Walls argues that the trial court erred in delegating to his probation officer the judicial function of determining the amount of restitution. He also argues that Condition (9) must be stricken, in that it was not orally pronounced at sentencing. The state concedes error on the latter issue, and requests remand for correction of the probation order. As to the delegation issue, the state argues that Walls did not object to the trial court's method for determining the restitution amount, and maintains that the issue is frivolous, citing James v. State, 499 So.2d 24 (Fla. 1st DCA 1986) (court termed "frivolous" the exercise of the right to appeal on this issue, in that it could easily have been brought to the trial court's attention and remedied).
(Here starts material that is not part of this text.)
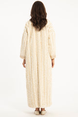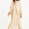 The Fida coat combines plush texture with artisanal detail, crafted in soft cotton with fringe detailing and accented by silk brocade pockets and lining. A refined outer layer with timeless character.

A special condition of probation will be stricken from the written probation order if the trial court failed to pronounce the condition orally at sentencing. See, e.g., Evans v. State, 602 So.2d 998, 999 (Fla. 1st DCA 1992). Condition (9) of the written probation order herein, although not precisely phrased as a condition, was not orally pronounced at sentencing. Based on Evans, and on the state's concession of error, we remand with directions to strike Condition (9) from the written probation order herein.
The trial court's delegation to Walls' probation officer of the determination of the amount of restitution was clearly error, Shaddix v. State, 599 So.2d 269 (Fla. 1st DCA 1992), which was not remedied by the trial court's offer to hold a hearing should Walls disagree with the probation officer. See Masslieno v. State, 498 So.2d 628, 629 (Fla. 1st DCA 1986) (court reversed similar delegation despite possibility that trial court could have been called upon to resolve any disagreement between defendant and probation officer as to the amount).
As for Walls' failure to object, a trial court order of restitution in an amount to be determined by the probation officer constitutes an unlawful delegation of judicial responsibility to a nonjudicial officer, Masslieno at 628, and the failure to object does not confer the authority to violate the law in this manner. Larson v. State, 572 So.2d 1368, 1371 (Fla. 1991). Walls' failure to object therefore creates no bar to consideration of the issue herein, on which we reverse and remand for further proceedings.
Despite the James court's denomination of the issue as "frivolous," we note that the court nevertheless reversed and remanded for a restitution hearing. We also reverse and remand, but adopt the caveat in James that appeals on this issue are frivolous where remedies are available before the trial court. See King v. State, 546 So.2d 122 (Fla. 1st DCA 1989).
Based on the foregoing, we reverse the order on appeal and remand with directions to strike Condition (9) from the written probation order, and for the determination of the amount of restitution by the trial court and the entry of an order reflecting the trial court's determination of that amount.
JOANOS, C.J., and SHIVERS and ZEHMER, JJ., concur.